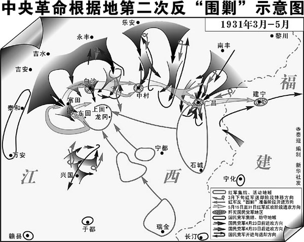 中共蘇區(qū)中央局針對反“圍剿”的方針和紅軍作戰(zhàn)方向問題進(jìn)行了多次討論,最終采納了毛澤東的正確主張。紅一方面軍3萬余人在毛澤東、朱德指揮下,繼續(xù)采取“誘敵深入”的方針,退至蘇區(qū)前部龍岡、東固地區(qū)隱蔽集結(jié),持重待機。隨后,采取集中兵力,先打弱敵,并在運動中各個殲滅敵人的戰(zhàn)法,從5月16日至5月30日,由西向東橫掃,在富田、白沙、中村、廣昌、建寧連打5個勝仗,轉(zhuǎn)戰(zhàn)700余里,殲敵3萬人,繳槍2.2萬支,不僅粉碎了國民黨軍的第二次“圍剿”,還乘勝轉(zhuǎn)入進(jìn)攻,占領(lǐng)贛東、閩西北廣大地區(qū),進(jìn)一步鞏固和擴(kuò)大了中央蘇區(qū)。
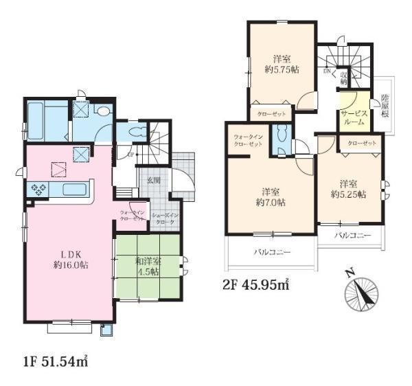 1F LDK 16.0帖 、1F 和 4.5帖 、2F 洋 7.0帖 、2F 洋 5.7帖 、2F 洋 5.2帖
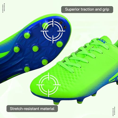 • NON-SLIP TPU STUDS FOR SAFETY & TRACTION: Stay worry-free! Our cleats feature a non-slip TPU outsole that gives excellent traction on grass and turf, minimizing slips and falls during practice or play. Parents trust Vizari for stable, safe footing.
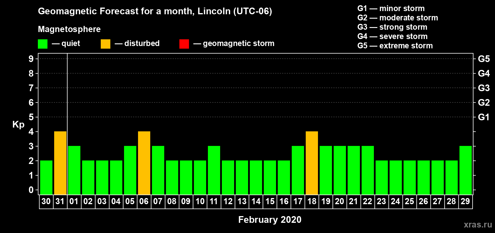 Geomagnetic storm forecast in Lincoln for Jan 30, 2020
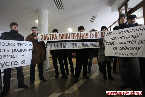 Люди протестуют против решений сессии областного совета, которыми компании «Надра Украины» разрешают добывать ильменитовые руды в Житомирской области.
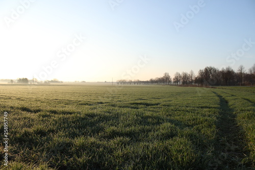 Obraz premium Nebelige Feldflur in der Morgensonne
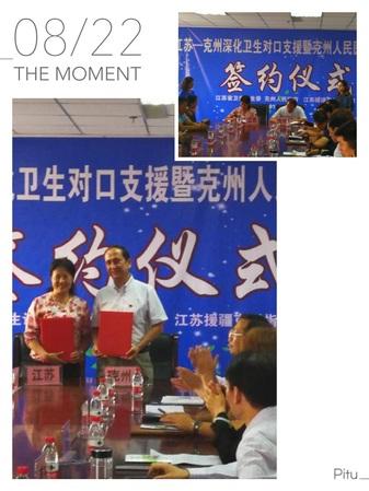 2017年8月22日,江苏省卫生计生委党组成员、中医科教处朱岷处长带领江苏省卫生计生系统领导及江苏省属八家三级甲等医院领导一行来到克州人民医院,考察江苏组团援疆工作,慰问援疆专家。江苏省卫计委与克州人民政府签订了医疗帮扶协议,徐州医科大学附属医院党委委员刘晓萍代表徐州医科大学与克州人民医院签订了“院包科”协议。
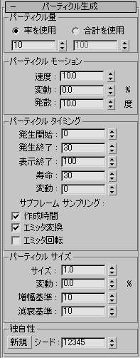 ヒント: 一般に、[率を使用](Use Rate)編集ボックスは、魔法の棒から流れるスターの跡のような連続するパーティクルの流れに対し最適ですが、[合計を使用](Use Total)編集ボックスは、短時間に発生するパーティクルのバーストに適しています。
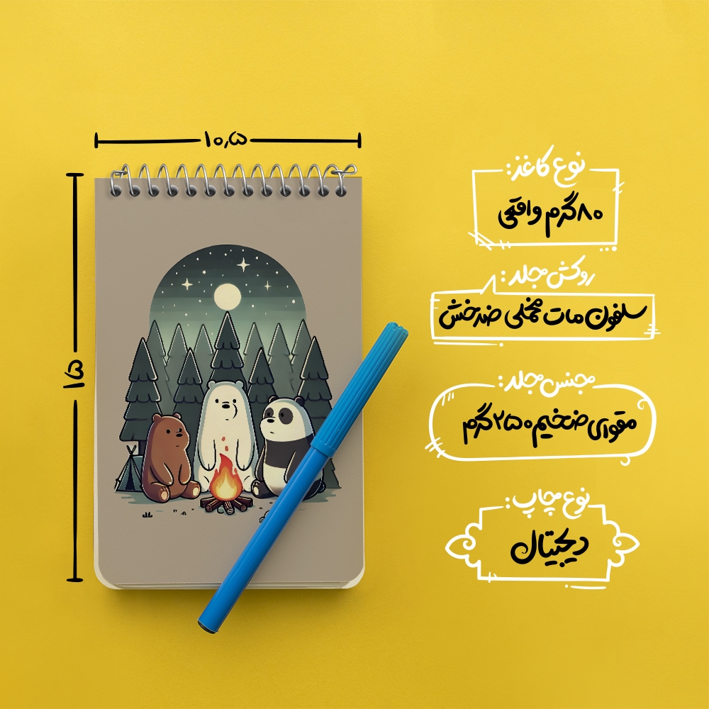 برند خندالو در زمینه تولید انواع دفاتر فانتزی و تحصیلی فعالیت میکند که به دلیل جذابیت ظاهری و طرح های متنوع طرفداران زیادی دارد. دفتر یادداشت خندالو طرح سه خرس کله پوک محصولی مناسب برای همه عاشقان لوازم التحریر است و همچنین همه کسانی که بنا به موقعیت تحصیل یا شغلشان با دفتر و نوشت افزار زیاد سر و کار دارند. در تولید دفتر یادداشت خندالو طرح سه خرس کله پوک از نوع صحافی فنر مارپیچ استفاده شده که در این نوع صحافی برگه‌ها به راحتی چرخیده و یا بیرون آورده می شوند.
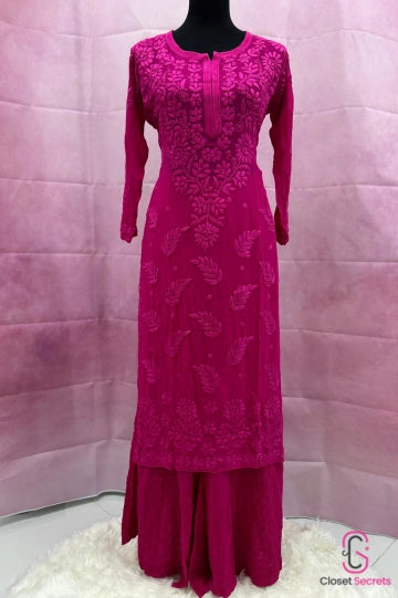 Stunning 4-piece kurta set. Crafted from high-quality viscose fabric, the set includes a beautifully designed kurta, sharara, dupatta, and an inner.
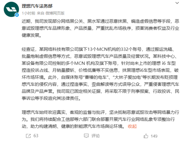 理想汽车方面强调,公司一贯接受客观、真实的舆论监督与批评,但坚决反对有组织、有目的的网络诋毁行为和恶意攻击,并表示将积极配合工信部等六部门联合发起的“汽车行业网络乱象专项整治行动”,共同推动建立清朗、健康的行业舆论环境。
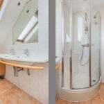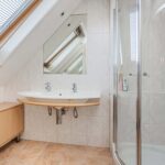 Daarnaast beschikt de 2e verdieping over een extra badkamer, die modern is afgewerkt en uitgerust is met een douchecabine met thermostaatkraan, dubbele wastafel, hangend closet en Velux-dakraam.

----------

What to work on: Copy the lines of the records, beginning where the line containing "Люди протестуют против" appears and continuing through the final line, exactly and with no pictures.

Solved exercise:
 Люди протестуют против решений сессии областного совета, которыми компании «Надра Украины» разрешают добывать ильменитовые руды в Житомирской области.
 Obraz premium Nebelige Feldflur in der Morgensonne
 2017年8月22日,江苏省卫生计生委党组成员、中医科教处朱岷处长带领江苏省卫生计生系统领导及江苏省属八家三级甲等医院领导一行来到克州人民医院,考察江苏组团援疆工作,慰问援疆专家。江苏省卫计委与克州人民政府签订了医疗帮扶协议,徐州医科大学附属医院党委委员刘晓萍代表徐州医科大学与克州人民医院签订了“院包科”协议。
 ヒント: 一般に、[率を使用](Use Rate)編集ボックスは、魔法の棒から流れるスターの跡のような連続するパーティクルの流れに対し最適ですが、[合計を使用](Use Total)編集ボックスは、短時間に発生するパーティクルのバーストに適しています。
 برند خندالو در زمینه تولید انواع دفاتر فانتزی و تحصیلی فعالیت میکند که به دلیل جذابیت ظاهری و طرح های متنوع طرفداران زیادی دارد. دفتر یادداشت خندالو طرح سه خرس کله پوک محصولی مناسب برای همه عاشقان لوازم التحریر است و همچنین همه کسانی که بنا به موقعیت تحصیل یا شغلشان با دفتر و نوشت افزار زیاد سر و کار دارند. در تولید دفتر یادداشت خندالو طرح سه خرس کله پوک از نوع صحافی فنر مارپیچ استفاده شده که در این نوع صحافی برگه‌ها به راحتی چرخیده و یا بیرون آورده می شوند.
 Stunning 4-piece kurta set. Crafted from high-quality viscose fabric, the set includes a beautifully designed kurta, sharara, dupatta, and an inner.
 理想汽车方面强调,公司一贯接受客观、真实的舆论监督与批评,但坚决反对有组织、有目的的网络诋毁行为和恶意攻击,并表示将积极配合工信部等六部门联合发起的“汽车行业网络乱象专项整治行动”,共同推动建立清朗、健康的行业舆论环境。
 Daarnaast beschikt de 2e verdieping over een extra badkamer, die modern is afgewerkt en uitgerust is met een douchecabine met thermostaatkraan, dubbele wastafel, hangend closet en Velux-dakraam.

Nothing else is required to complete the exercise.